1 2 Previous Next 19 Replies Latest reply on Feb 27, 2013 8:04 AM by rhauch

    Full text search and text extractors

    mmatloka

      Hi,

      I'm looking for information concerning text extractors and full text search in Modeshape 3.0. Unfortunatelly documentation pages are empty.

        • 1. Re: Full text search and text extractors
          rhauch

          I've updated the following pages in our documentation:

           

           

          If they aren't sufficient, please let us know.

          • 2. Re: Full text search and text extractors
            mmatloka

            Hi,

             

            To use this extractor, simply include the modeshape-extractor-tika JAR and the appropriate required Tika JARs are on the classpath

             

            I'm running modeshape as jboss as submodule. Then JAR's should be attached as submodules? And of course how does look like configuration for jboss as?

            • 3. Re: Full text search and text extractors
              rhauch

              I'm running modeshape as jboss as submodule. Then JAR's should be attached as submodules? And of course how does look like configuration for jboss as?

              If you unzipped the ModeShape kit for AS7, then the ModeShape is installed as a subsystem in AS7 and the ModeShape modules (with JARs) will be installed correctly into the AS7 installation. Our documentation contains an entire section on how to install, configure, and use ModeShape inside AS7.

              • 4. Re: Full text search and text extractors
                mmatloka

                Ah sorry, I haven't noticed it is already here. And example is also in standalone-modeshape.xml. Sorry

                • 5. Re: Full text search and text extractors
                  mmatloka

                  Is it possible to perform full text search on an object, and all objects referenced by it in multi-value (REFERENCE) property (eg. referenced files and their content)? I'm trying to do it in JCR-QOM, but I dont' really know how to formulate join condition for such case.

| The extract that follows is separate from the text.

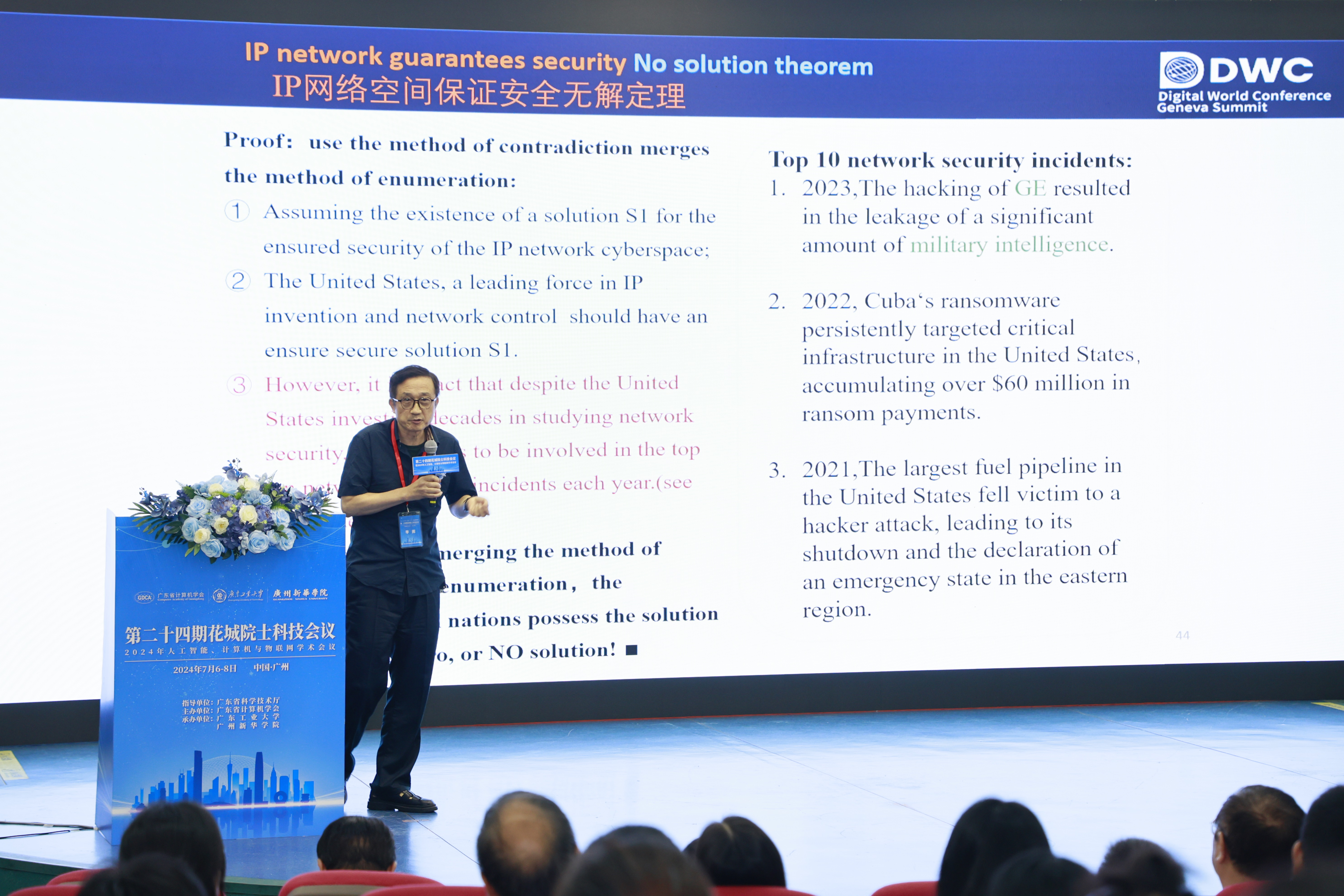 李挥院士在演讲主题《人类网络空间命运共同体理念之解决方案MIN—根治IP体系三大顽疾的全球第一方案》中介绍研究团队在全球首次提出了多边共管多标识网络体系MIN及原型。

                  • 6. Re: Full text search and text extractors
                    rhauch

                    Is it possible to perform full text search on an object, and all objects referenced by it in multi-value (REFERENCE) property (eg. referenced files and their content)? I'm trying to do it in JCR-QOM, but I dont' really know how to formulate join condition for such case.

                     

                    You can apply full-text search criteria in any query, so your question boils down to how to find a node and all nodes that contain a REFERENCE to it. I can think of only one way to do this with a single standard JCR-SQL2 (and JCR-QOM) query, and that's to use an equi-join on the REFERENCE property. Unfortunately, this requires that you know the REFERENCE property (or properties). To make it easier to explain, I'm going to assume that the node type of the nodes containing the REFERENCE property "ref" is called "a" and the node type of the referenced nodes are "b". (The nodes can even be of the same node type, but that just makes it harder to explain the query.) Then the query would look something like this:

                     

                    SELECT * FROM a JOIN b ON a.[ref] = b.[jcr:uuid] 
                    WHERE CONTAINS(a,'hello world') AND CONTAINS(b,'hello world')
                    

                     

                    Because I used an 'AND' here, the nodes on both sides of the join will have to satisfy the full-text search and where the 'a' node references the 'b' node. If you use an 'OR' instead, then the results will include 'a' and 'b' nodes where at least 'a' or 'b' (or both) satisfy the full-text search and the 'b' node references that 'a' node.

                     

                    ModeShape's extensions to the JCR-SQL2 and JCR-QOM offer an alternative way to do this. The first is with a subquery to first find all of the 'b' nodes that satisfy the full-text search, and then to find all the 'a' nodes that satisfy the search and also satisfy the full-text search:

                     

                    SELECT a.* FROM a 
                    WHERE CONTAINS(a,'hello world') 
                    AND a.[ref] IN ( SELECT b.[jcr:uuid] FROM b WHERE CONTAINS(b,'hello world') )
                    

                     

                    However, note that this query only returns the 'a' nodes (since the 'b' nodes are embedded within the subquery), so while it's not exactly equivalent to the JOIN query it may be more useful in some situations.

                     

                    I hope this helps. There queries might not exactly match what you're trying to do, but hopefully it gives you an idea of how to achieve what you're looking for.

                     

                    Best regards

                    • 7. Re: Full text search and text extractors
                      mmatloka

                      In my case object 'a' may contain or not references in this multi-value fields, so I'm studying OR based queries. However I have some problems with joins.

                       

                       

                      These queries does not return any nodes:

                      SELECT a.* FROM [a] JOIN [b] ON a.[ref] = b.[jcr:uuid] WHERE CONTAINS(a.*,'hello world') OR CONTAINS(b.*,'hello world')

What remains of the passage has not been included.